* _MATERIAL FOR THIS TASK_
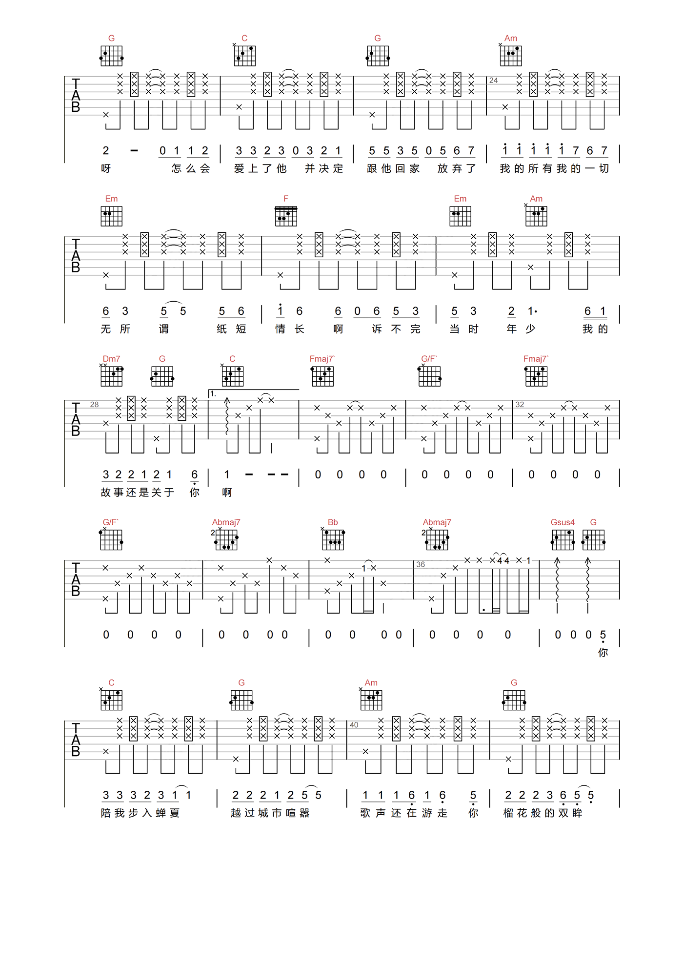 当前位置:琴谱网>吉他弹唱>纸短情长
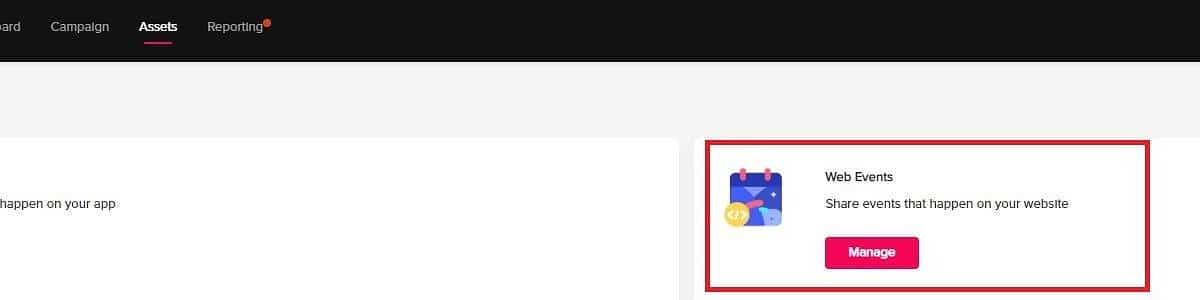 Bước 2: Tại mục Web events (Sự kiện Web), chọn Manage (Quản lý).
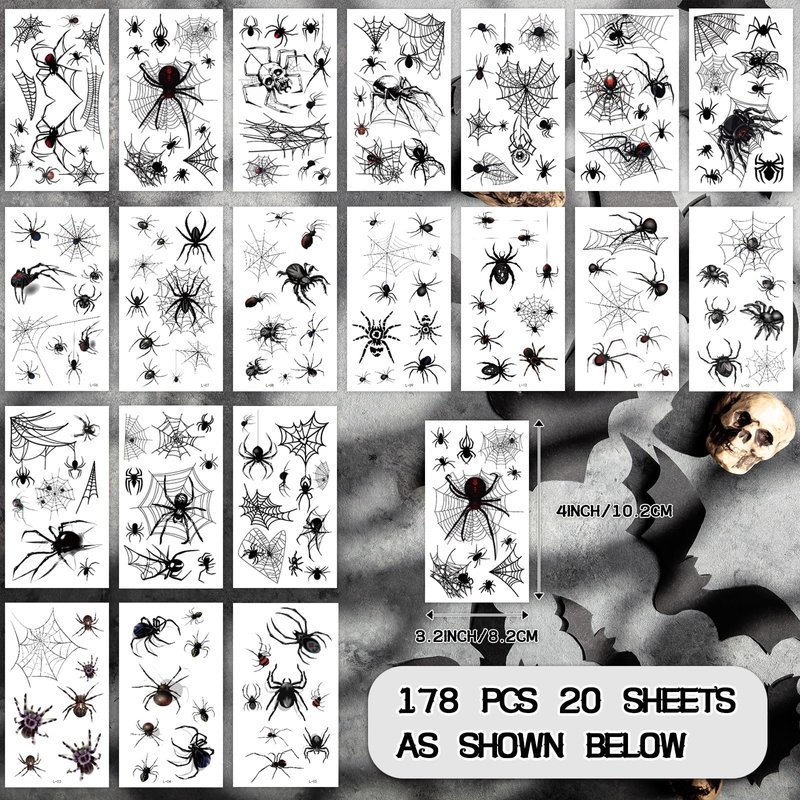 - 178-Piece Spider Web Tattoo Kit: This comprehensive set includes 20 sheets of spider-themed Halloween temporary tattoo stickers, featuring a total of 178 patterns for you to choose from and mix. Designed for Halloween makeup, it offers an array of spider web tattoos suitable for kids, adults, men, and women to create various spooky looks.
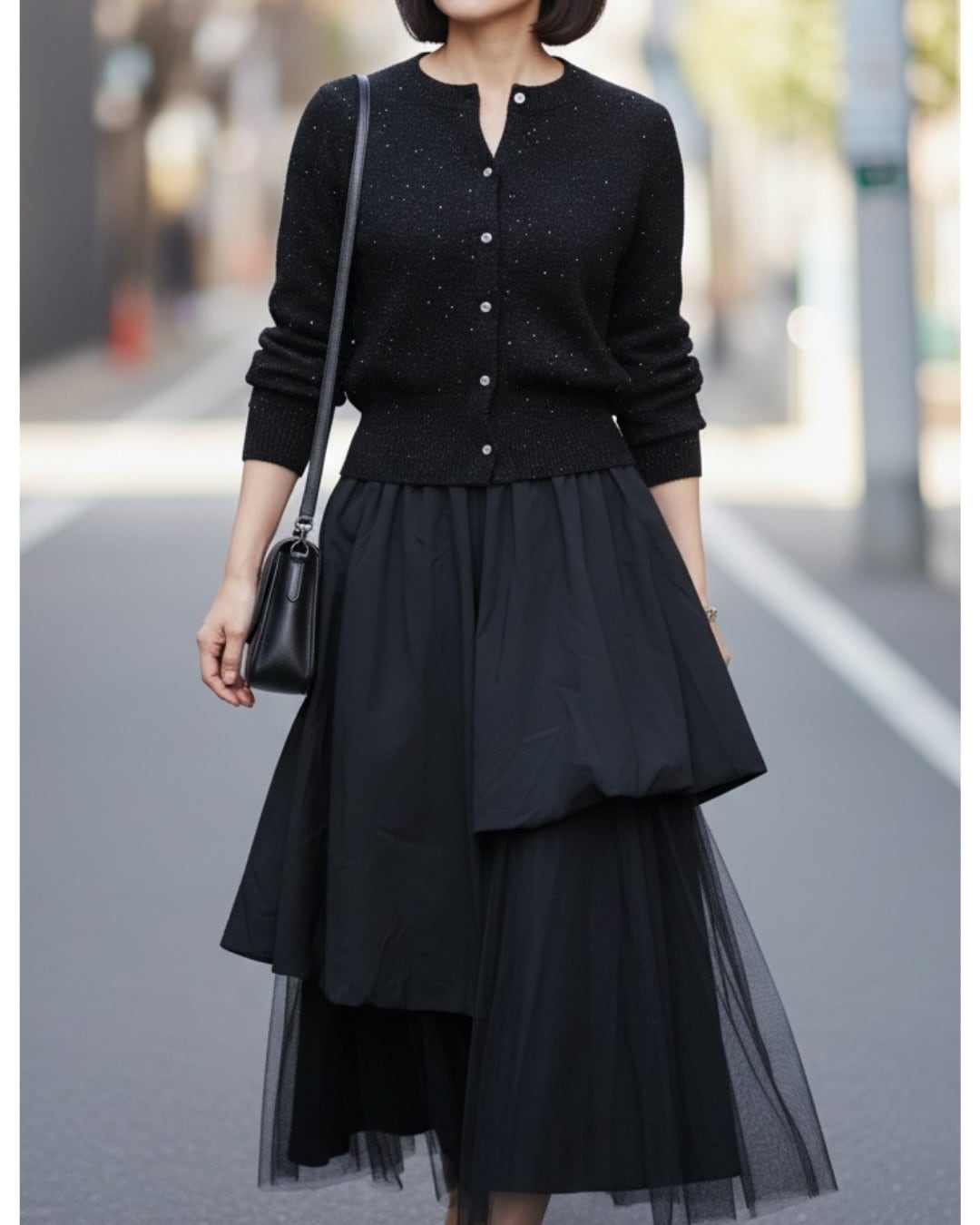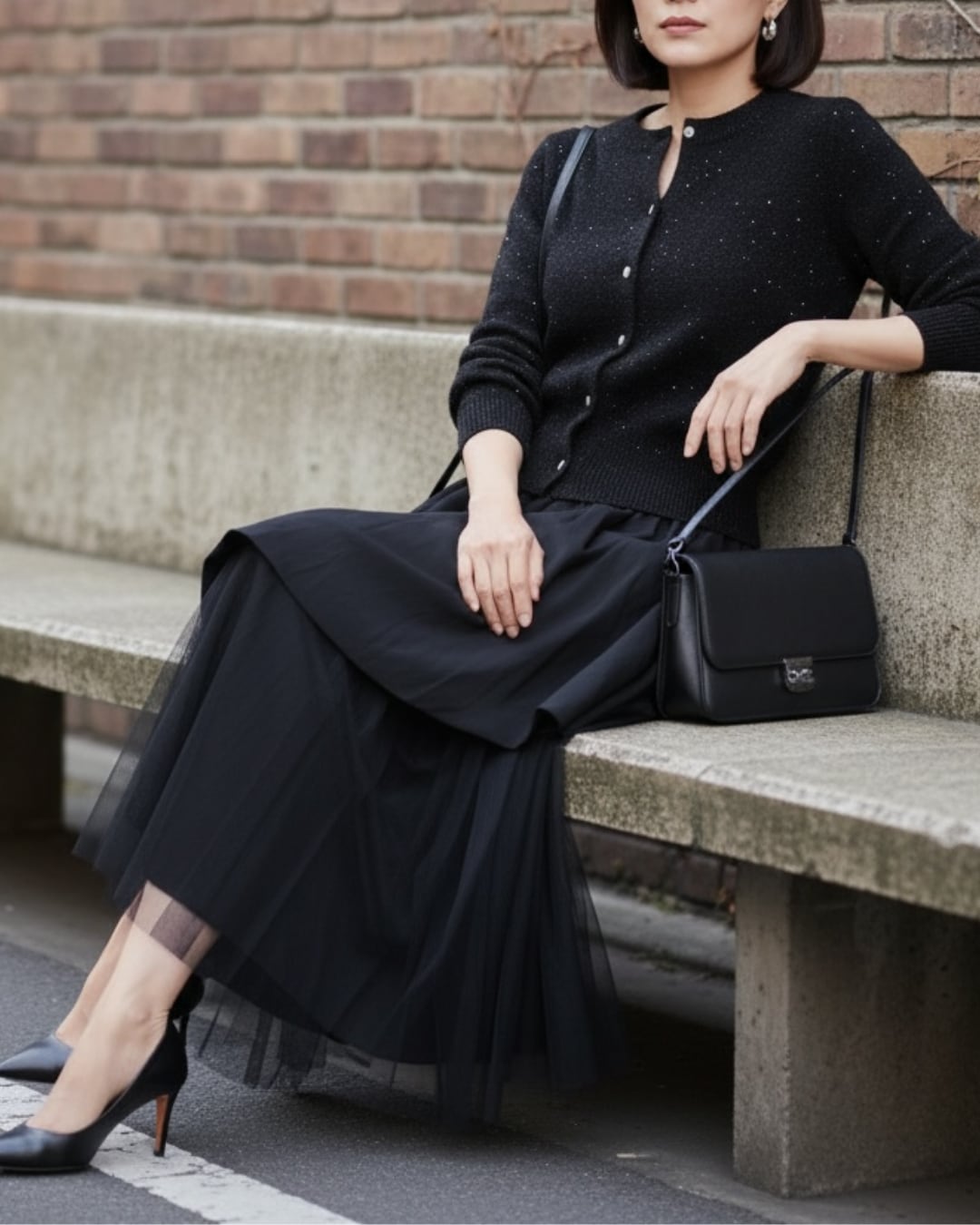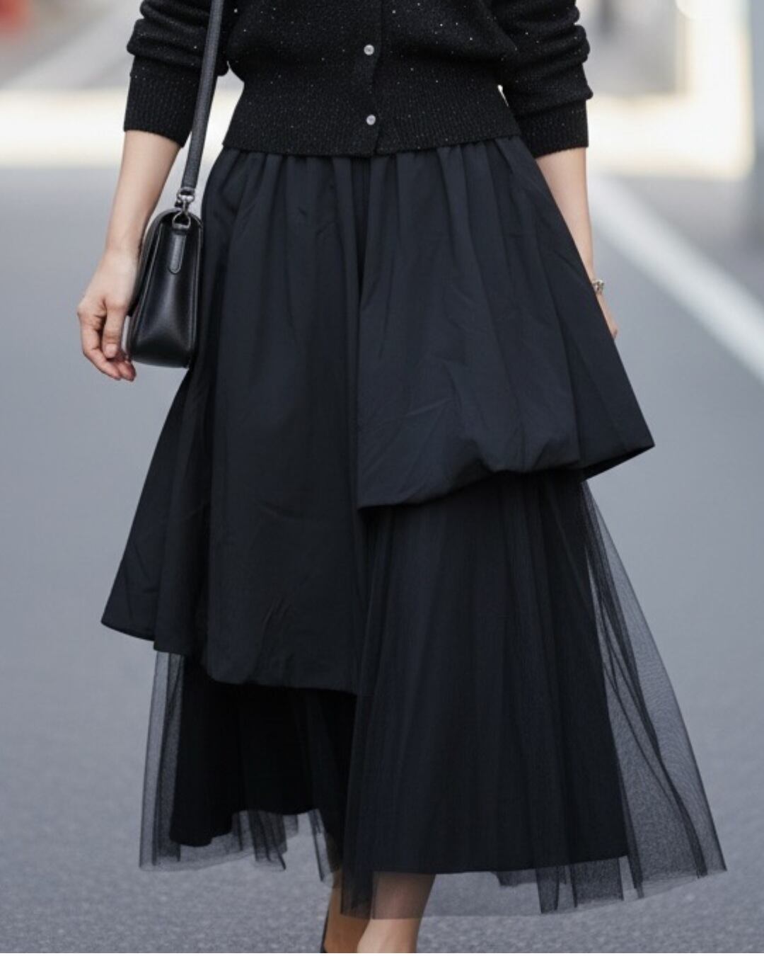 軽やかなチュールを重ねたスカートは、歩くたびにふんわり揺れて女性らしさを引き立てます。
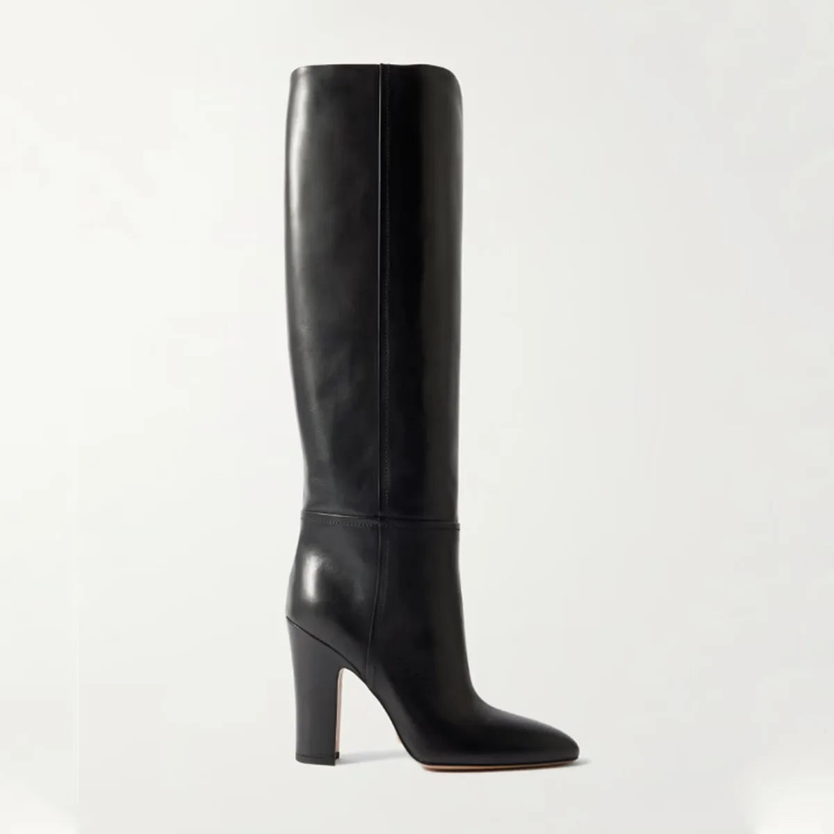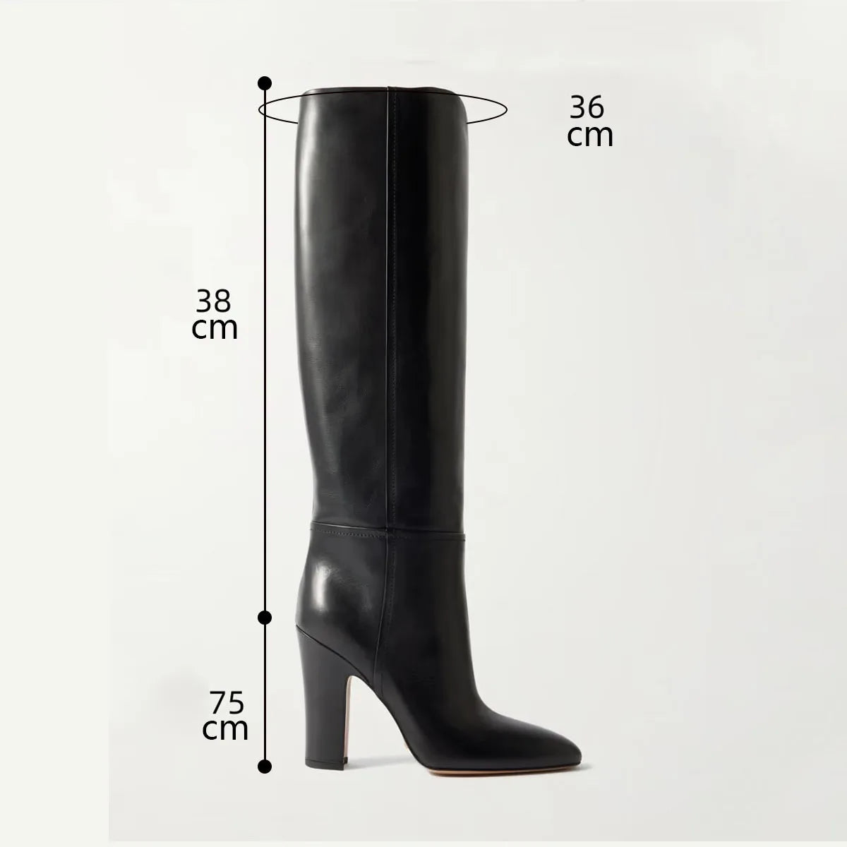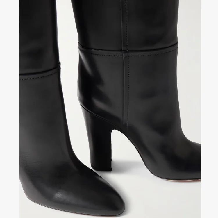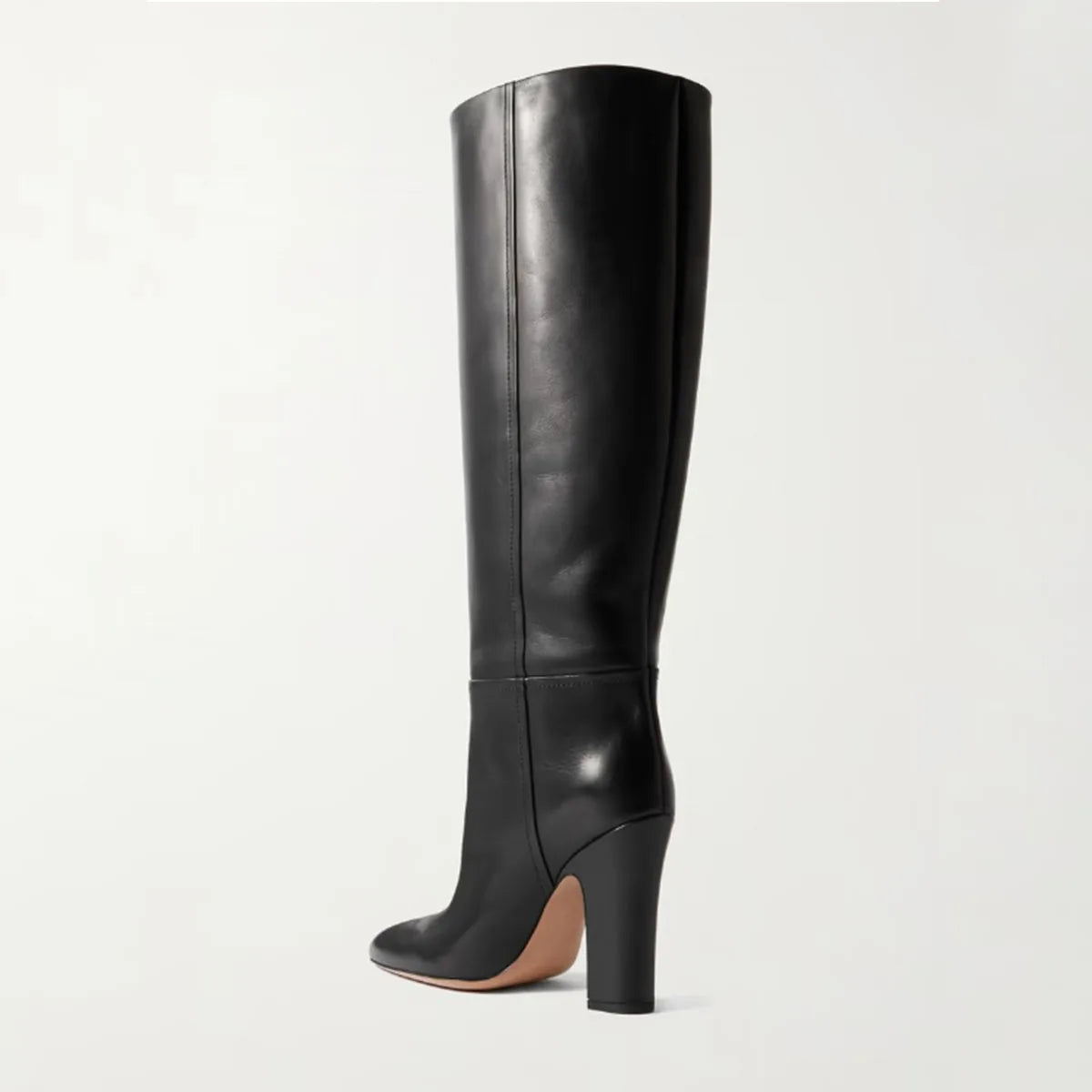 Trend4us Sleek Knee-High Block Heel Leather Boots

* _REQUIREMENT_
Take each line from the records and copy it unchanged, leaving images out.

* _RESPONSE_
 当前位置:琴谱网>吉他弹唱>纸短情长
 Bước 2: Tại mục Web events (Sự kiện Web), chọn Manage (Quản lý).
 - 178-Piece Spider Web Tattoo Kit: This comprehensive set includes 20 sheets of spider-themed Halloween temporary tattoo stickers, featuring a total of 178 patterns for you to choose from and mix. Designed for Halloween makeup, it offers an array of spider web tattoos suitable for kids, adults, men, and women to create various spooky looks.
 軽やかなチュールを重ねたスカートは、歩くたびにふんわり揺れて女性らしさを引き立てます。
 Trend4us Sleek Knee-High Block Heel Leather Boots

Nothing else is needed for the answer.